Murray Bookchin passed away on July 30, 2006. We discuss the life and work of Murray Bookchin, Social Ecology, and the need for a new revolutionary movement with vision and hope.
Producer: Alan Minsky, Chris Burnett
www.social-ecology.org
"Murray Bookchin, the visionary social theorist and activist, died during the early morning of Sunday, July 30th in his home in Burlington, Vermont. During a prolific career of writing, teaching and political activism that spanned half a century, Bookchin forged a new anti-authoritarian outlook rooted in ecology, dialectical philosophy and left libertarianism.
During the 1950s and '60s, Bookchin built upon the legacies of utopian social philosophy and critical theory, challenging the primacy of Marxism on the left and linking contemporary ecological and urban crises to problems of capital and social hierarchy in general. Beginning in the mid-sixties, he pioneered a new political and philosophical synthesis-termed social ecology-that sought to reclaim local political power, by means of direct popular democracy, against the consolidation and increasing centralization of the nation state.

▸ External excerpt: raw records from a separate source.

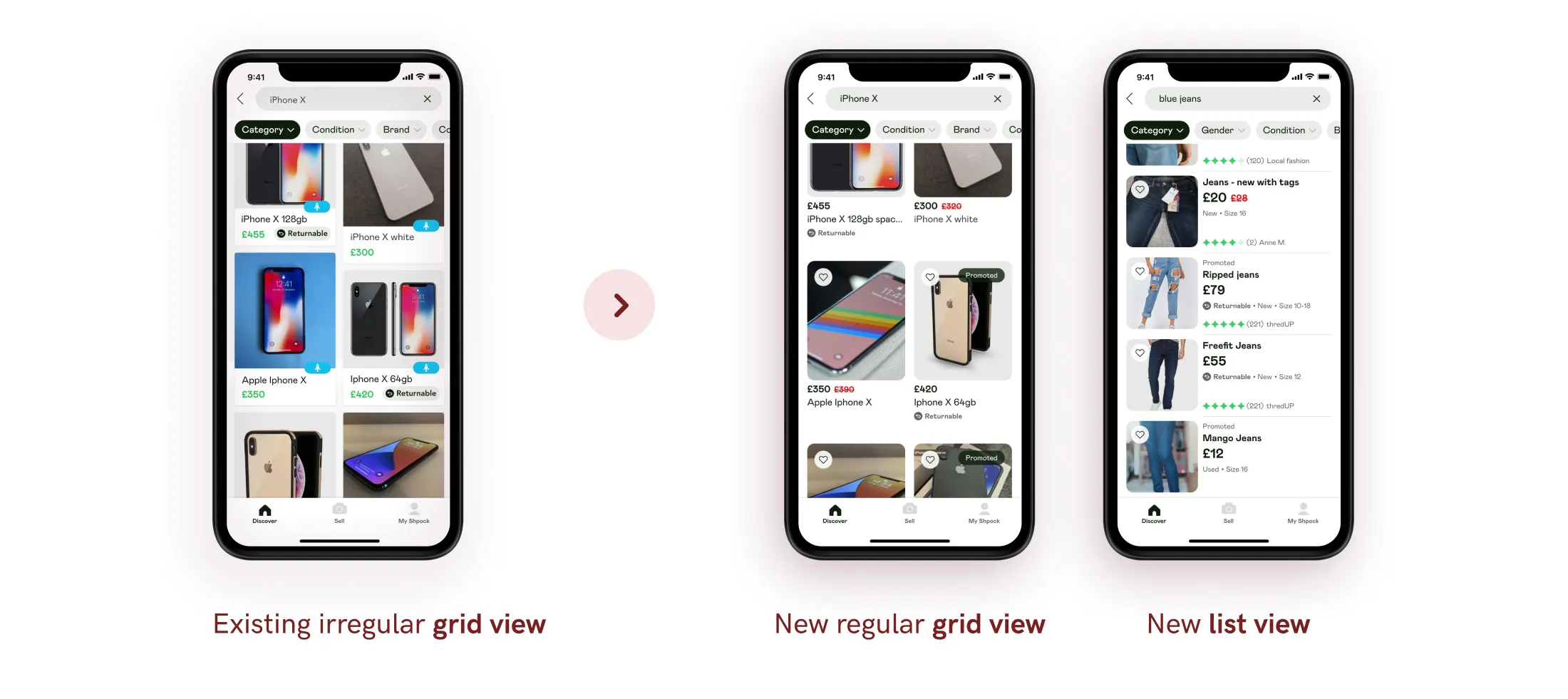 We noticed that depending on what they were searching for users prefer one or the other. For example in the case of “Fashion” the grid view was best but for “Electronics” the list view was the winner.
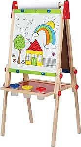 Hape Jouet - Chevalet Tout-en-Un en Bois - Tableau Double Face Enfant - Tableau Noir et Tableau Blanc Aimanté avec Rouleau de Papier - à partir de 3 ans - Ajustable en Hauteur - Filles et Garçons : Amazon.com.be: Fournitures de bureau
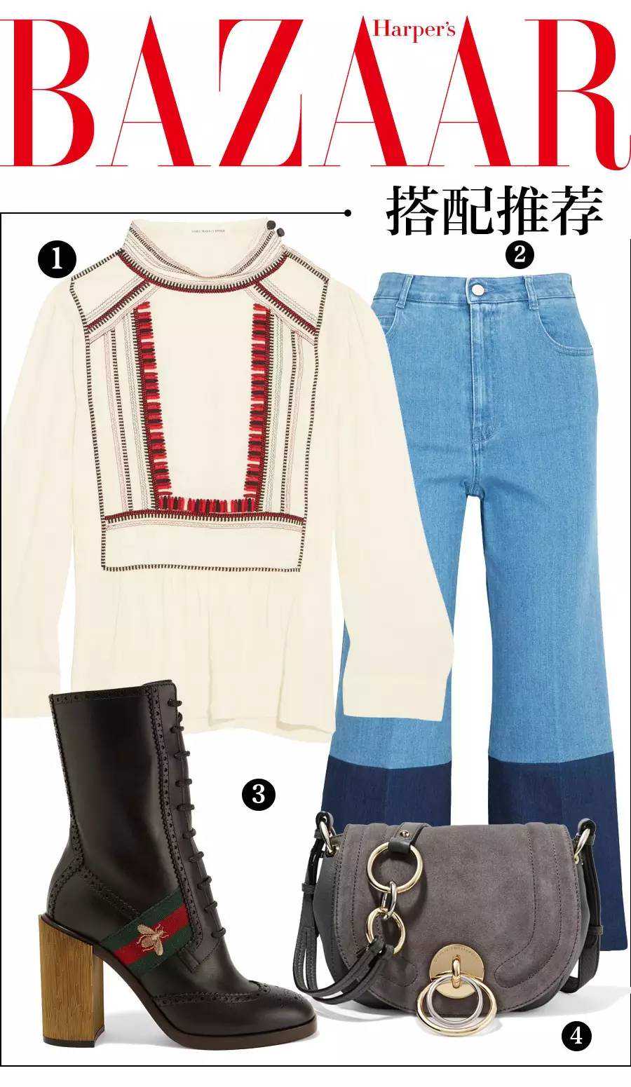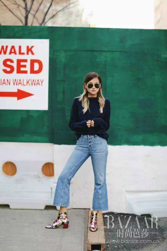 或者用微喇牛仔裤搭配及踝靴,会有想不到的嬉皮风惊喜哦~

From the 1960s to the present, the utopian dimension of Bookchin's social ecology inspired several generations of social and ecological activists, from the pioneering urban ecology movements of the sixties, to the 1970s' back-to-the-land, antinuclear, and sustainable technology movements, the beginnings of Green politics and organic agriculture in the early 1980s, and the anti-authoritarian global justice movement that came of age in 1999 in the streets of Seattle. His influence was often cited by prominent political and social activists throughout the US, Europe, South America, Turkey, Japan, and beyond..."
excerpt from:
-The Last Utopian The Visionary Life of Murray Bookchin By BRIAN TOKAR
Chaia Heller is a writer, educator and activist working in the anti-biotechnology, anti-corporate globalization and feminist movements. As a long-time faculty member of the Institute for Social Ecology, Heller has been investigating the implications of multinationals, biotechnology, sweatshops, and new international trade apparatuses for women, people of color, farmers, and on democracy throughout the world. Her book, The Ecology of Everyday Life: Rethinking the Desire for Nature, radicalizes questions of globalization, feminism, ecology and technology. Heller holds a PhD in anthropology and teaches at Holyoke College.